Transcribe each entry exactly, without pictures.

Given information:
+++

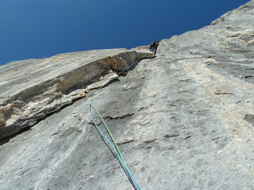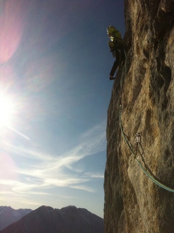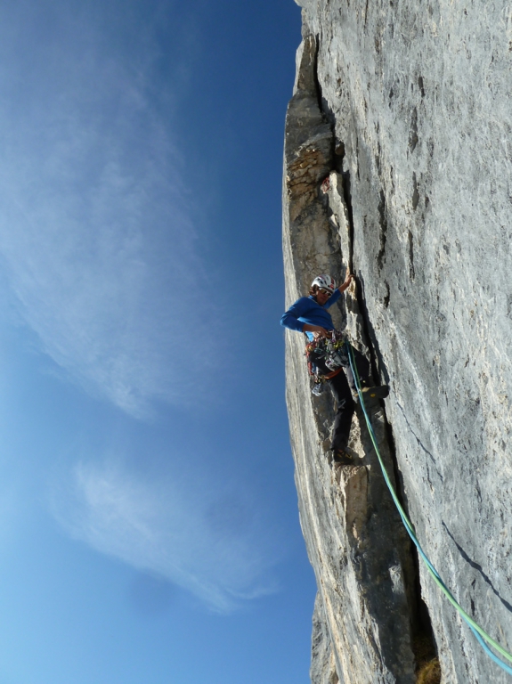 Bis auf die ersten 2-3 Meter besagter 8er Länge in der uns vor Allem die Tritte fehlten konnten Benni und ich alles in Wechselführung onsighten. Um die Tour abzurunden stiegen wir über die „Südost“ weiter auf den Westgrat.
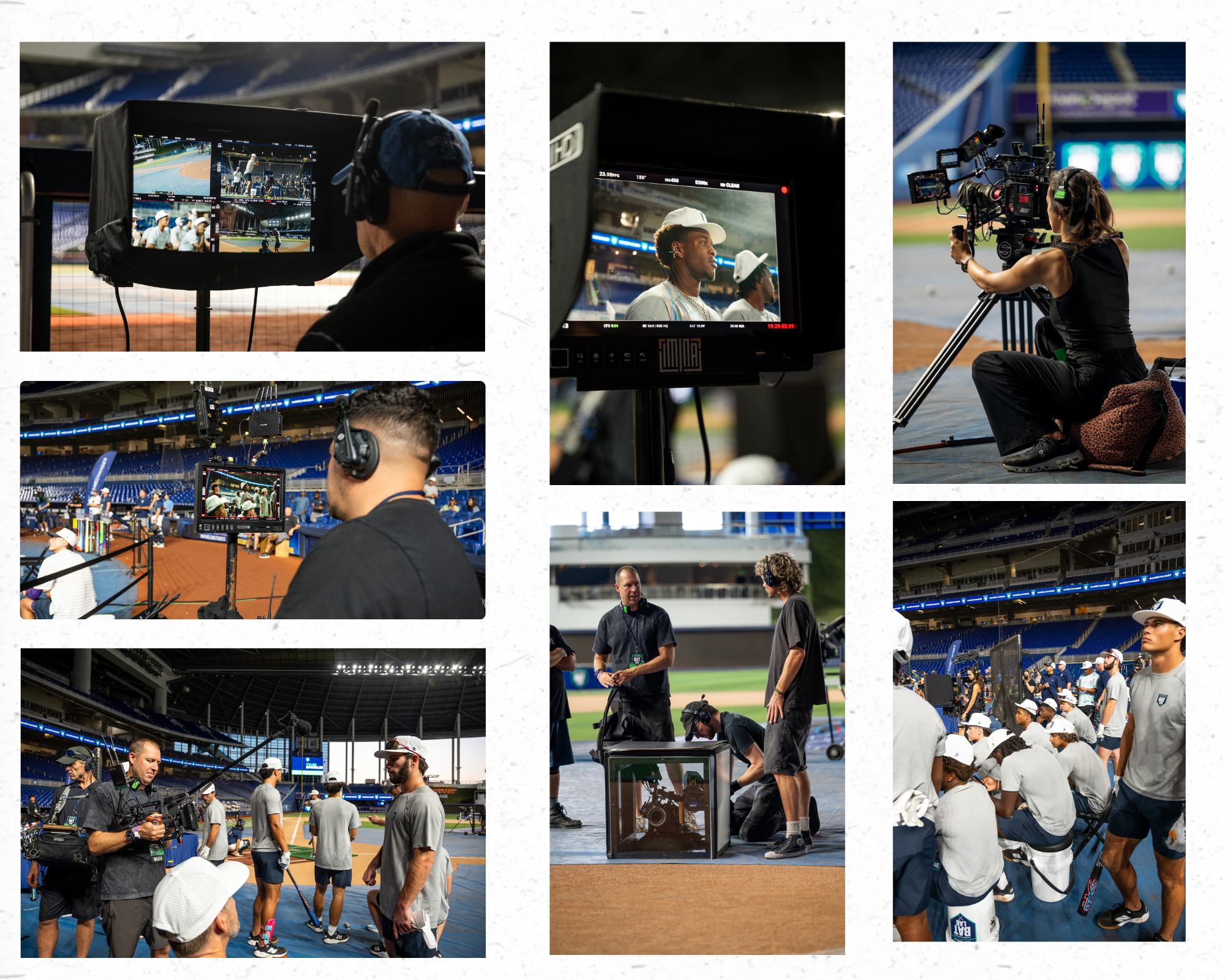 On the production side, we went all in. Six simultaneous camera rigs, each capturing something the others couldn't — a behind-home-plate camera mounted in a custom plexiglass box for the exact moment of contact, a massive long-lens TV rig tracking balls all the way to the fence, slow-mo side profiles for swing breakdowns, a roaming on-field camera for spontaneous interviews and live data reactions, a social camera loose in the dugout for everything unscripted, and an FPV drone operated by Airwolf Drones chasing balls in flight for those sweeping, cinematic arcs over the field. Every angle was intentional. Every cut gives the editor something to work with.
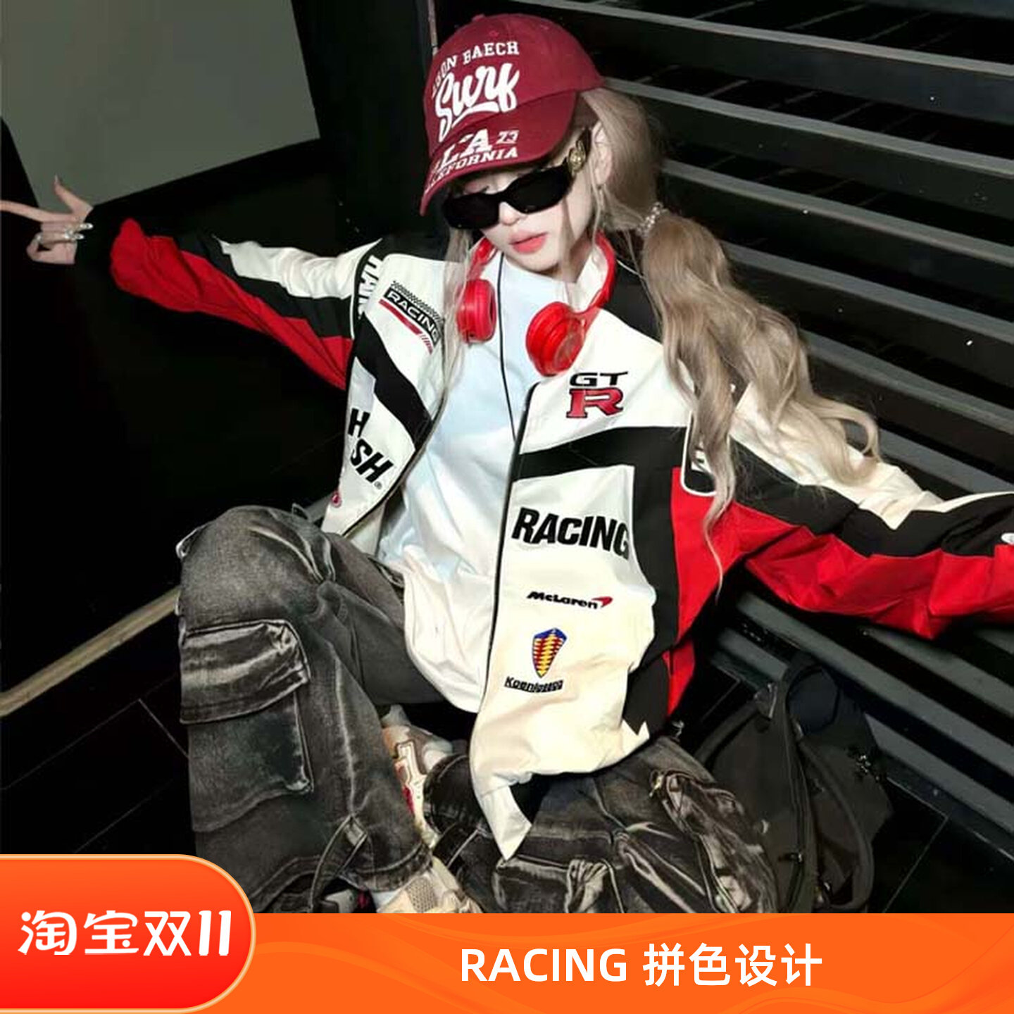 アメリカンレッドのハイストリートスタイルのレーシングユニフォーム、ナショナルタイドの刺繍文字、ハイエンドセンスのバイクスタイル、ゆるいスタンドアップカラー、女性用野球ユニフォーム
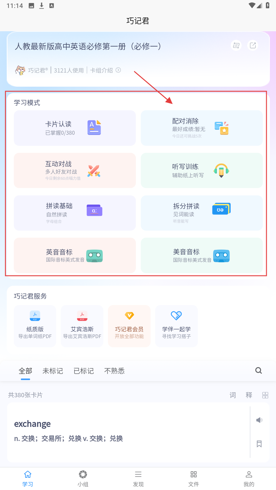 1、打开应用,在【学习】页面,选择学习模式,如点击【配对消除】。
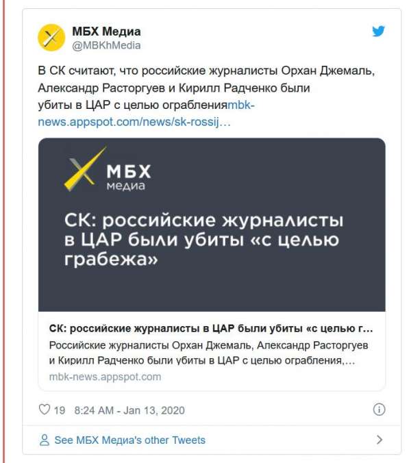 «По данным источников «Досье», правоохранительные органы в ЦАР не предпринимают действий по расследованию преступления, а следствие в России по факту убийства ведется медленно и неэффективно».
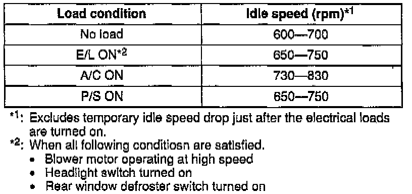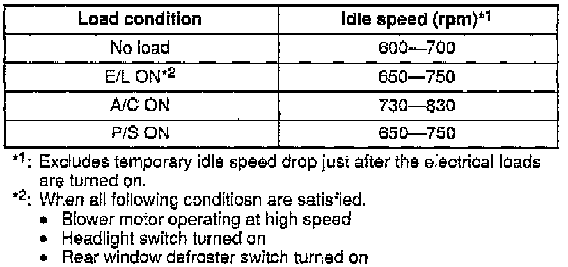 10. If not as specified at all load conditions, check related in put switches and idle air control valve.
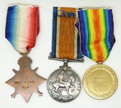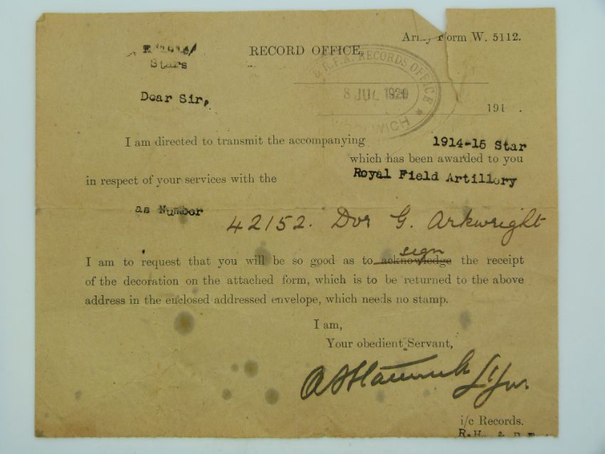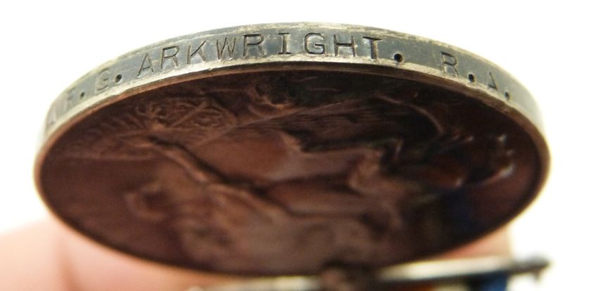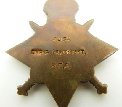 British Army WWI medals comprising 1914/1915 Star, War Medal and Victory Medal named to 42152 Driver G Arkwright, Royal Field Artillery
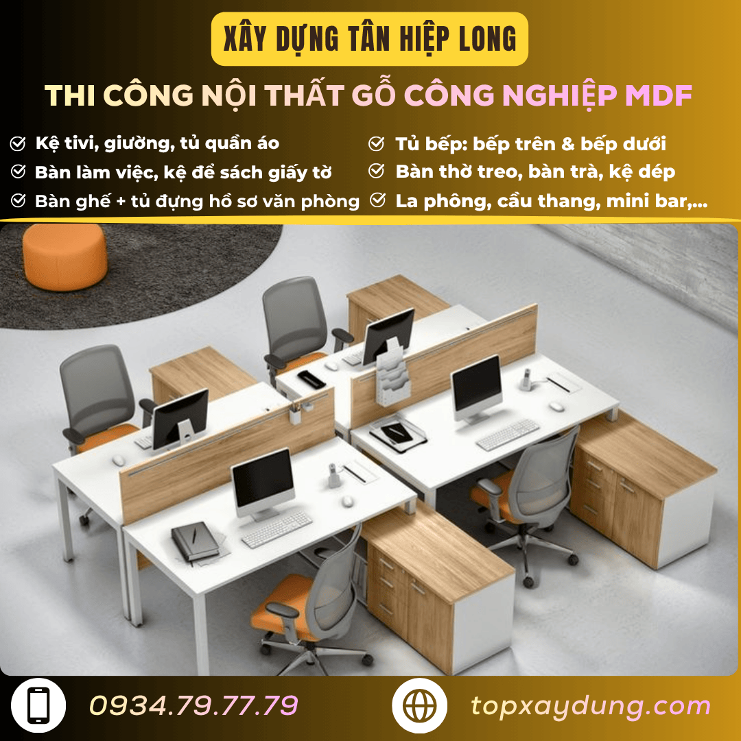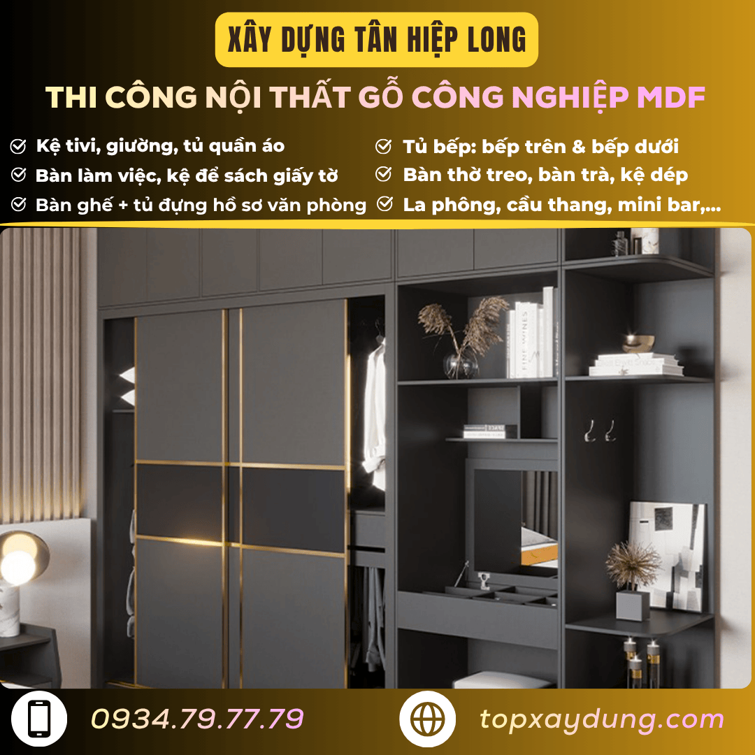 Nếu bạn đang tìm một giải pháp thi công nội thất gỗ công nghiệp – MDF giá xưởng tại Củ Chi, đừng chần chờ. Đừng để ngân sách vượt kiểm soát, đừng để tiến độ kéo dài. Hãy liên hệ ngay với Xây Dựng Tân Hiệp Long – hotline/Zalo: 0934.79.77.79 để được tư vấn miễn phí, khảo sát ngay tại công trình và nhận báo giá nhanh.
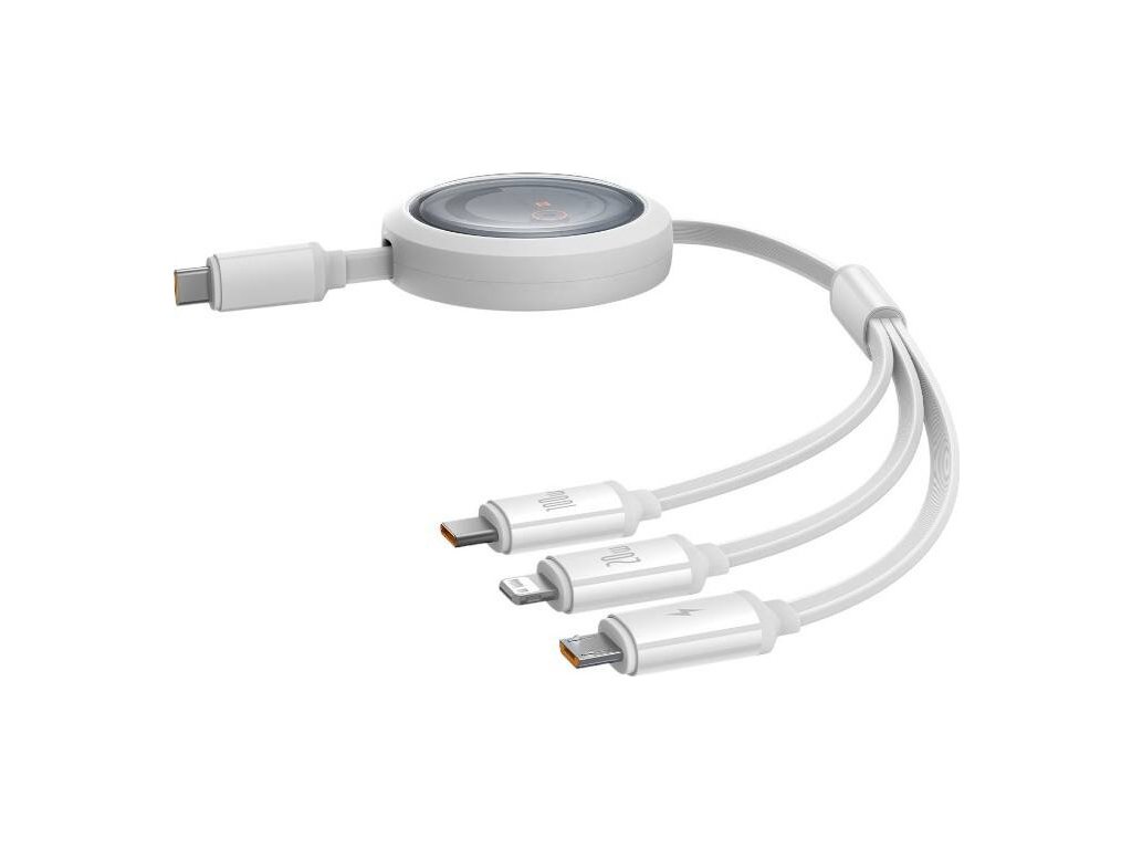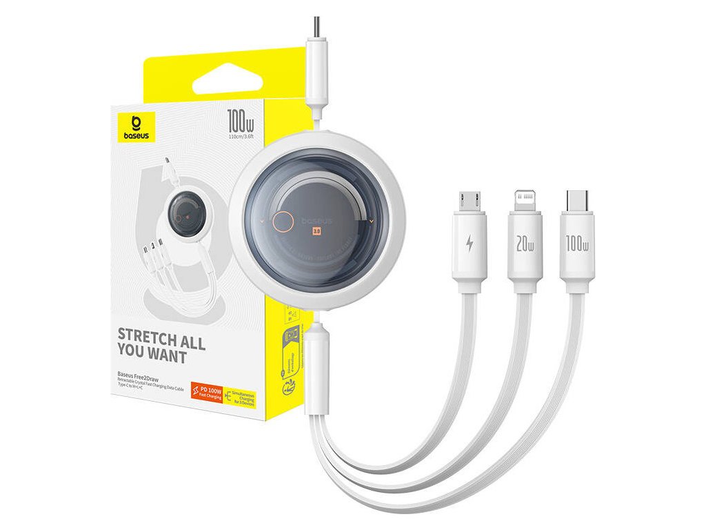 Rýchlonabíjací kábel 3v1 Baseus Free2Draw USB-C na USB-C/Lightning/Micro 100W, 1,1 m (biely)
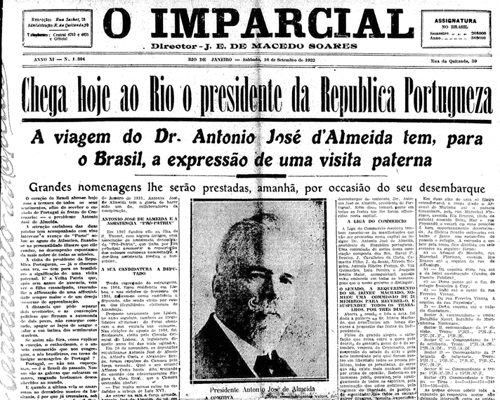 A Figura 1 representa a primeira página do jornal “O Imparcial” publicado no dia 16 de setembro de 1922, que anuncia a eminente chegada do Presidente Dr. Antonio José d’Almeida ao porto do Rio de Janeiro.

+++

Response box:
 Bis auf die ersten 2-3 Meter besagter 8er Länge in der uns vor Allem die Tritte fehlten konnten Benni und ich alles in Wechselführung onsighten. Um die Tour abzurunden stiegen wir über die „Südost“ weiter auf den Westgrat.
 On the production side, we went all in. Six simultaneous camera rigs, each capturing something the others couldn't — a behind-home-plate camera mounted in a custom plexiglass box for the exact moment of contact, a massive long-lens TV rig tracking balls all the way to the fence, slow-mo side profiles for swing breakdowns, a roaming on-field camera for spontaneous interviews and live data reactions, a social camera loose in the dugout for everything unscripted, and an FPV drone operated by Airwolf Drones chasing balls in flight for those sweeping, cinematic arcs over the field. Every angle was intentional. Every cut gives the editor something to work with.
 アメリカンレッドのハイストリートスタイルのレーシングユニフォーム、ナショナルタイドの刺繍文字、ハイエンドセンスのバイクスタイル、ゆるいスタンドアップカラー、女性用野球ユニフォーム
 1、打开应用,在【学习】页面,选择学习模式,如点击【配对消除】。
 «По данным источников «Досье», правоохранительные органы в ЦАР не предпринимают действий по расследованию преступления, а следствие в России по факту убийства ведется медленно и неэффективно».
 10. If not as specified at all load conditions, check related in put switches and idle air control valve.
 British Army WWI medals comprising 1914/1915 Star, War Medal and Victory Medal named to 42152 Driver G Arkwright, Royal Field Artillery
 Nếu bạn đang tìm một giải pháp thi công nội thất gỗ công nghiệp – MDF giá xưởng tại Củ Chi, đừng chần chờ. Đừng để ngân sách vượt kiểm soát, đừng để tiến độ kéo dài. Hãy liên hệ ngay với Xây Dựng Tân Hiệp Long – hotline/Zalo: 0934.79.77.79 để được tư vấn miễn phí, khảo sát ngay tại công trình và nhận báo giá nhanh.
 Rýchlonabíjací kábel 3v1 Baseus Free2Draw USB-C na USB-C/Lightning/Micro 100W, 1,1 m (biely)
 A Figura 1 representa a primeira página do jornal “O Imparcial” publicado no dia 16 de setembro de 1922, que anuncia a eminente chegada do Presidente Dr. Antonio José d’Almeida ao porto do Rio de Janeiro.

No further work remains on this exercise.